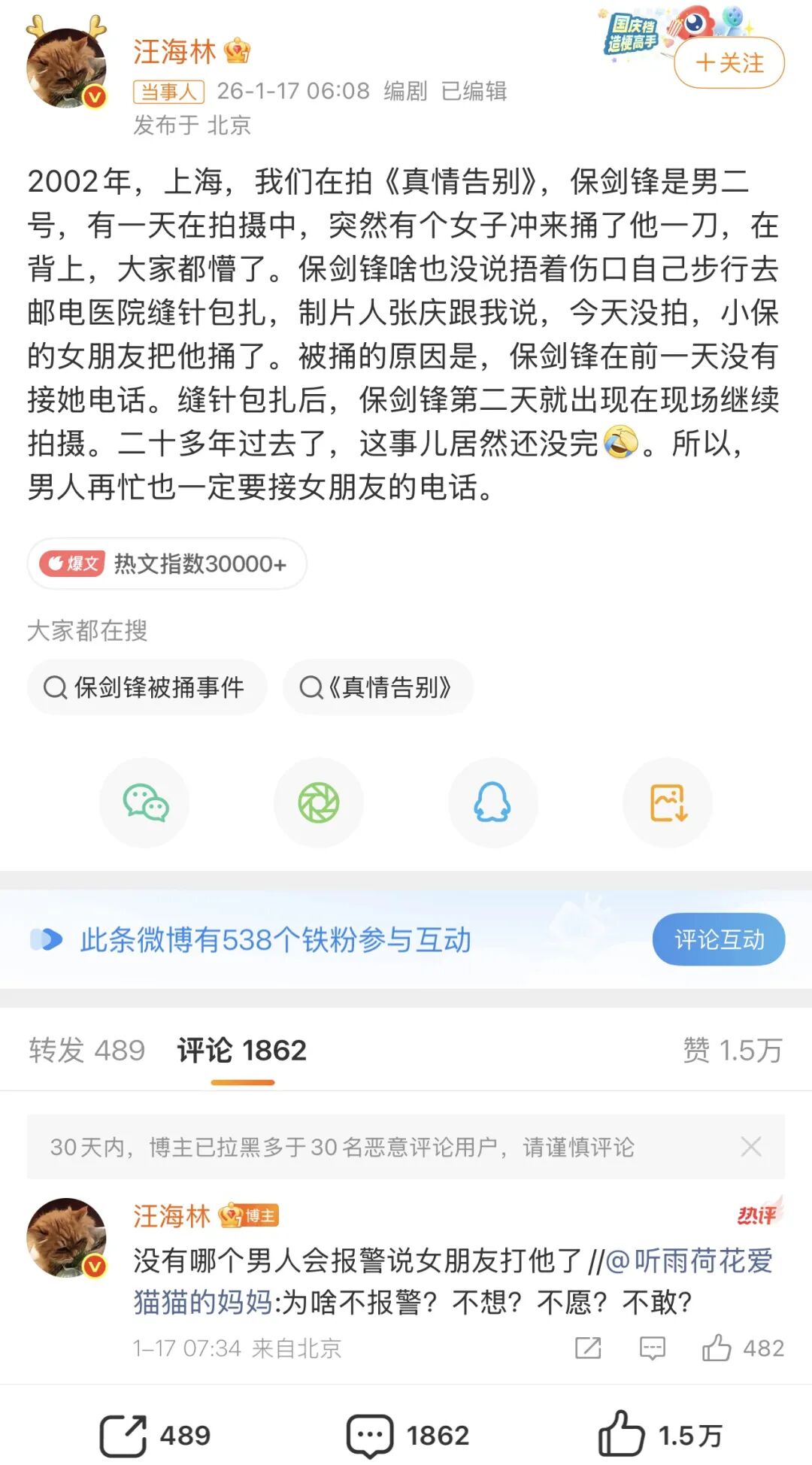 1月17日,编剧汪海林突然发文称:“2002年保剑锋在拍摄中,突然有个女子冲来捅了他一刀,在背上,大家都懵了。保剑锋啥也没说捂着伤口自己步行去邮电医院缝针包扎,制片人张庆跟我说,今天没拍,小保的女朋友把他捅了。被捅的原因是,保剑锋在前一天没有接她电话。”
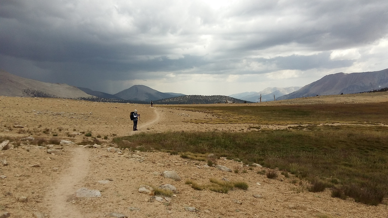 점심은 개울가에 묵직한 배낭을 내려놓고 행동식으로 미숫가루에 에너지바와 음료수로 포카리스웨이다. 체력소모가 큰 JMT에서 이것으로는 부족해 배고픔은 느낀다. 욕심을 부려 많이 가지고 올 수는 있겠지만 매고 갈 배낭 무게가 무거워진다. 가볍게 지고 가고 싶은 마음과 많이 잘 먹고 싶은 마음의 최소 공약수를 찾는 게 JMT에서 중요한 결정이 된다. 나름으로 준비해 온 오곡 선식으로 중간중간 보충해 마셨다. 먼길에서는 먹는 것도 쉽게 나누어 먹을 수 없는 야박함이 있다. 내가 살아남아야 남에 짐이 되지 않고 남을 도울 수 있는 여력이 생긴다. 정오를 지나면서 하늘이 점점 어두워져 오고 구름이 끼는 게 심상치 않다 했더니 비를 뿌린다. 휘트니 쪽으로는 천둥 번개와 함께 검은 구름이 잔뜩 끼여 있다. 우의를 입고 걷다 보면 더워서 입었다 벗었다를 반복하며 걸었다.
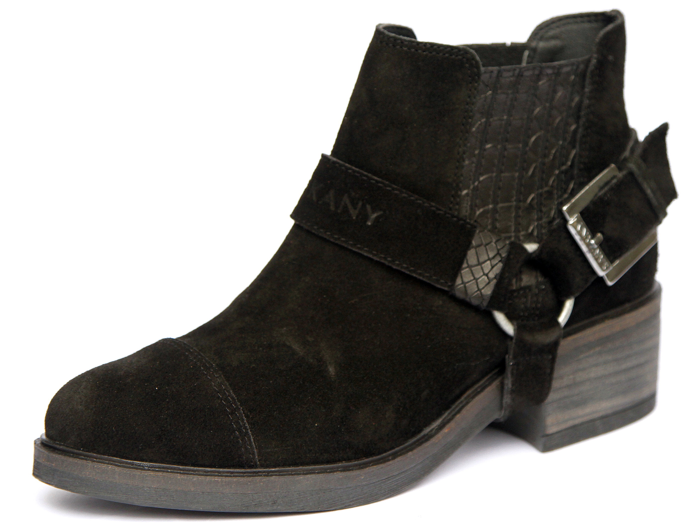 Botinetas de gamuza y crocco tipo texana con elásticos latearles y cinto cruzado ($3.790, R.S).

Your objective: Reproduce the listing verbatim, pictures excluded.

Solution to the problem:
 1月17日,编剧汪海林突然发文称:“2002年保剑锋在拍摄中,突然有个女子冲来捅了他一刀,在背上,大家都懵了。保剑锋啥也没说捂着伤口自己步行去邮电医院缝针包扎,制片人张庆跟我说,今天没拍,小保的女朋友把他捅了。被捅的原因是,保剑锋在前一天没有接她电话。”
 점심은 개울가에 묵직한 배낭을 내려놓고 행동식으로 미숫가루에 에너지바와 음료수로 포카리스웨이다. 체력소모가 큰 JMT에서 이것으로는 부족해 배고픔은 느낀다. 욕심을 부려 많이 가지고 올 수는 있겠지만 매고 갈 배낭 무게가 무거워진다. 가볍게 지고 가고 싶은 마음과 많이 잘 먹고 싶은 마음의 최소 공약수를 찾는 게 JMT에서 중요한 결정이 된다. 나름으로 준비해 온 오곡 선식으로 중간중간 보충해 마셨다. 먼길에서는 먹는 것도 쉽게 나누어 먹을 수 없는 야박함이 있다. 내가 살아남아야 남에 짐이 되지 않고 남을 도울 수 있는 여력이 생긴다. 정오를 지나면서 하늘이 점점 어두워져 오고 구름이 끼는 게 심상치 않다 했더니 비를 뿌린다. 휘트니 쪽으로는 천둥 번개와 함께 검은 구름이 잔뜩 끼여 있다. 우의를 입고 걷다 보면 더워서 입었다 벗었다를 반복하며 걸었다.
 Botinetas de gamuza y crocco tipo texana con elásticos latearles y cinto cruzado ($3.790, R.S).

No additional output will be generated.